猿猴带着众人缓缓地向前行进着,一路上海面无比平静,没有半点波澜,仿佛是在湖水中一般。
“那个,猿兄,”雷无桀向前问道,“我们还要多久才能到蓬莱岛?”
猿猴连头都没有回一下。
“只是通人性罢了,又不是成精了,它不会同你说话的。”叶若依笑道。
猿猴抬起了头,冲着叶若依龇牙咧嘴地笑了一下,随后收起了船桨,双手负在身后,活像北离的那些老先生。
同时,小舟已经转过了这一整片浓雾。一座庞大的巨岛显露在了他们面前。巨岛之上树木参天,鸟兽齐鸣,山峰之上隐隐有云雾缭绕。
“果然不愧是海外仙山。”唐莲望着眼前的这一番盛景,感慨道。
小舟靠了岸,猿猴忽然猛地对着空中尖啸一声。
众人都抬起头,只见一个白衣之人从山崖之处一跃而下,那人张开双手,脚下步伐轻轻一点,一身白衣飞舞,只是瞬间,便稳稳地落在了他们的面前。
海外有仙山,可乘云而起,御风而行,齐天下共存,与日月同老。
传说,就这样展现在了他们眼前。
白衣仙人面目极其俊美,肤如凝脂,面若白玉,若论容貌而言,就连司空千落和叶若依都无法与其相比。可细看那眉眼,却分明是个男子。至于年龄更是难以估计,他很年轻,可眼睛里那股深渊般的寂寥,却像活了千百年一般。他长袖一挥,冲着众人微微笑道:“贵客临至,不胜荣幸。”
凡人前来拜会,仙人却说了荣幸。众人一下子面面相觑,不知道该说些什么。
那猿猴开心地纵身一跃,跃到了仙人的身边。仙人抚了抚它的头:“辛苦了,去别处玩吧。”
那猿猴应了一声,立刻就跑开了。
仙人再度望向众人:“贵客们想必已经疲累了,不如到岛上休息一下?”
众人回过神来,唐莲拱手道:“仙人,冒昧拜访,还望见谅。”
仙人笑了笑,目光穿过众人,望向那一片茫茫海域:“这么多年来,已经很少有人能来到这里了。既然来了,便是缘,何来冒昧不冒昧。”

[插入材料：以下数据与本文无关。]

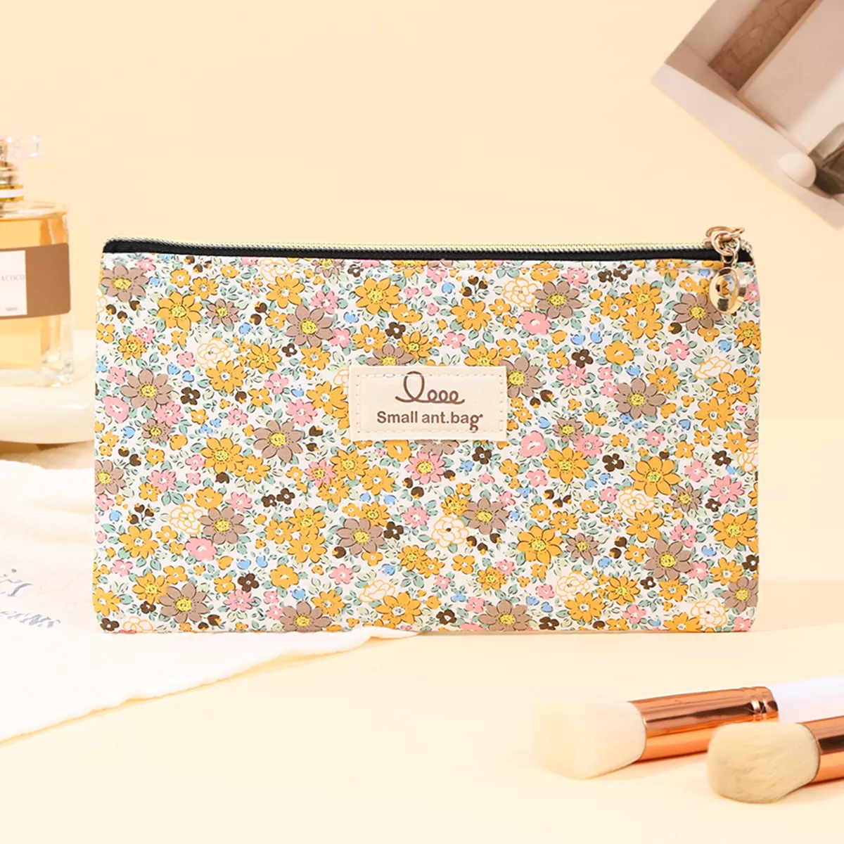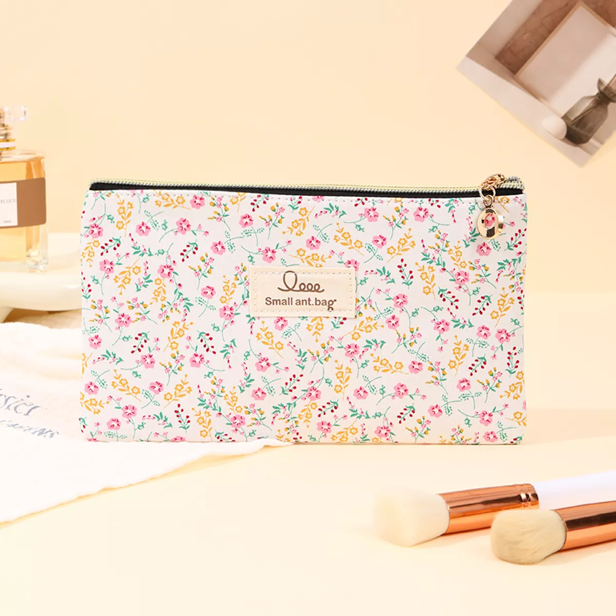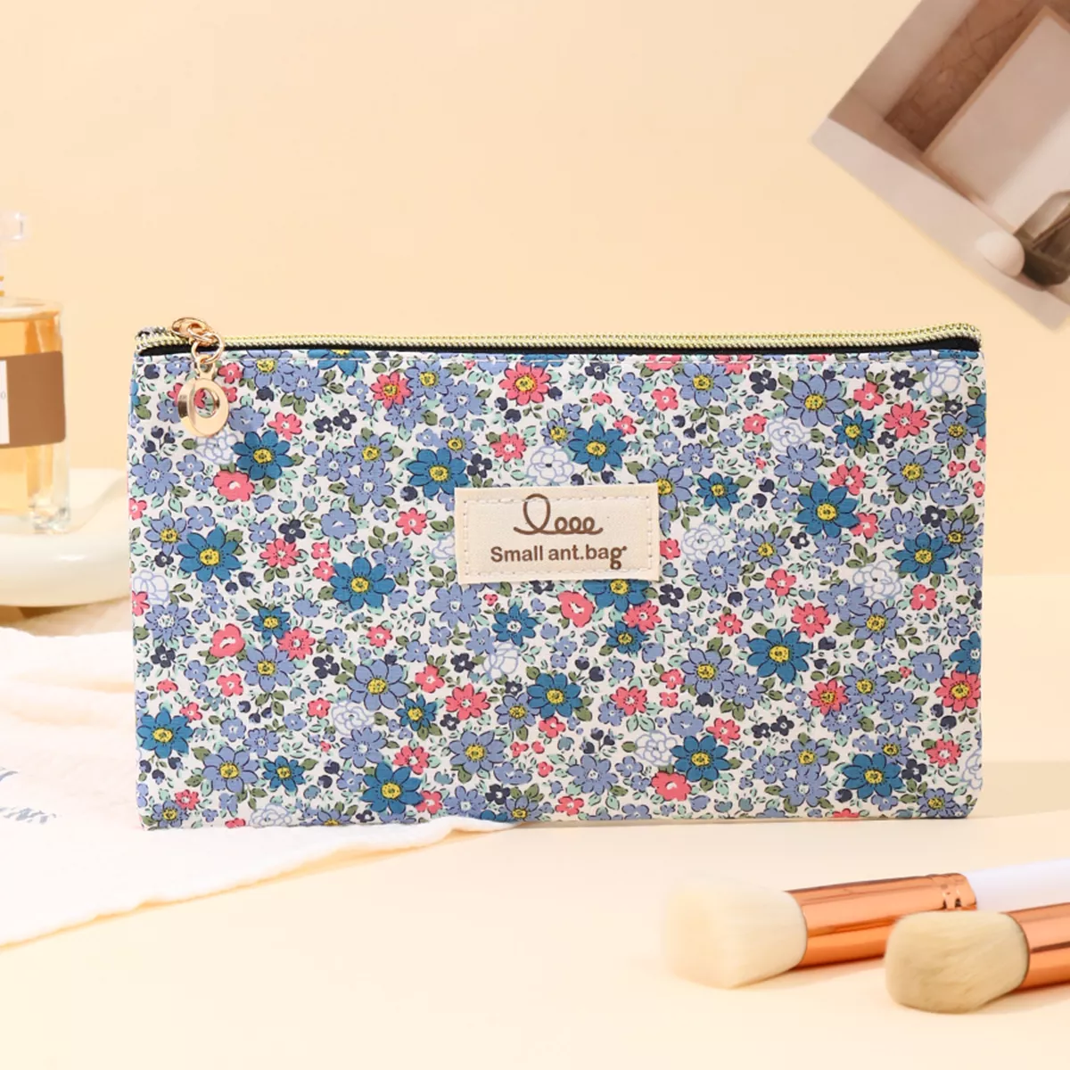 Portable Minimalist Floral Makeup Bag – Waterproof Travel Cosmetic Storage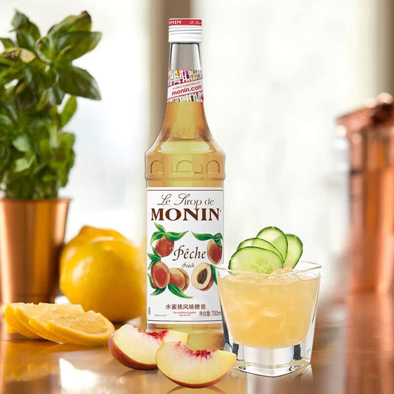 monin morin water honey peach peach flavored taste cocktail drink juice fruit dew syrup 700ml

众人循着他的目光望去,心中俱是一惊。那片浓雾,不知何时已经悄然散去了,映在他们眼中的是一片辽阔的大海。众人回过神,却见仙人已经慢慢地朝着岛内行去。与之前的御风而行不一样,这一次仙人只是一步一步缓缓走着,仿佛刻意在等他们一般。
“看来这仙人还挺好接触,咱们走吧。”雷无桀没想太多,笑嘻嘻地跟了上去。
叶若依却莫名地有些不安,萧瑟看出了她神色的变化,问道:“怎么?”
叶若依微微皱眉,喃喃道:“总感觉,他身上的气息,很熟悉。”
萧瑟一愣:“你见过他?”
“好像见过,又好像没见过。”
“一会儿问一下不就知道了。”司空千落也提起长枪向前走去。
众人跟着仙人往山上行去,走了大约小半个时辰之后,仙人停了下来。
众人再次大惊!
在这深海孤岛之处,竟然藏着这样一处水榭楼阁!只见地下似乎是一片温泉,冒着缭绕的雾气。水雾之上是一座精致的楼阁,有许多猴子、松鼠之类的小动物在那边跳跃着玩耍。仙人纵身一跃,进入了楼阁之中。
众人相视一眼,也立刻跟了进去。
仙人挥手指了指边上的那些藤椅,笑着望向众人:“你们似乎赶了很远的路,已经有些疲累了。”
雷无桀和司空千落早已经精疲力竭,看到有凳子,立刻一屁股坐了下来。
唐莲微微克制了一下,垂首道:“吾等为见仙人,从北离不乏万里而来!”
“北离?”仙人依然微微含笑,眼神中流露出了几分思念之意,“许久未曾听到这个名字了。”
“仙人知道北离?”问出口,唐莲就后悔了,既然师父来过此处,那么仙人自然就从师父口中听说过北离了。
“我不仅知道北离,我出生在那里,也在那里度过了一段很长的时光。”仙人走到了唐莲的面前,手指轻轻在唐莲眉心点了一下,“既然到了这里,就不必再强撑了。”
唐莲只觉一股暖流从那手指之处传入自己的眉心,随即涌入了自己的全身,一夜行船的疲乏感顿时消散,有种说不出的舒适快活。他喜道:“多谢仙人。”
仙人收回了手指,走到了雷无桀的身边。
雷无桀笑道:“仙人,能不用手指点我吗?不如用手摸一下我的脑袋?”
仙人好奇地问道:“这是为何?”
“书上说,仙人抚我顶,结发受长生。”雷无桀依然满脸笑意,“我想得长生。”
“以前倒是也有个人让我摸一下他的头。”仙人淡淡地说道。
“然后呢?”雷无桀问道。
“然后我就把他修道的山崖给一掌拍碎了。”仙人将手轻轻地按在了雷无桀的头上。
雷无桀立刻就闭上了眼睛,舒服地长长舒了一口气。
仙人又望向司空千落。
司空千落急忙说道:“你点一下我的眉心就好。”
仙人笑了笑,手指轻轻伸出,点在了司空千落的眉心之处。随后转过身,望着依然站在那里的叶若依和萧瑟,缓缓道:“所以是你们二人,有事寻我?”
萧瑟问道:“为何猜是我们二人?”
“因为他们三人虽然身体疲惫,但其实内息醇厚,就算我不出手,他们睡一觉身子也就舒服了。可你们二人,”仙人看了一眼萧瑟,又望了一眼叶若依,“一个气息紊乱,很快就要死了;一个天生有缺,本该早就死了。”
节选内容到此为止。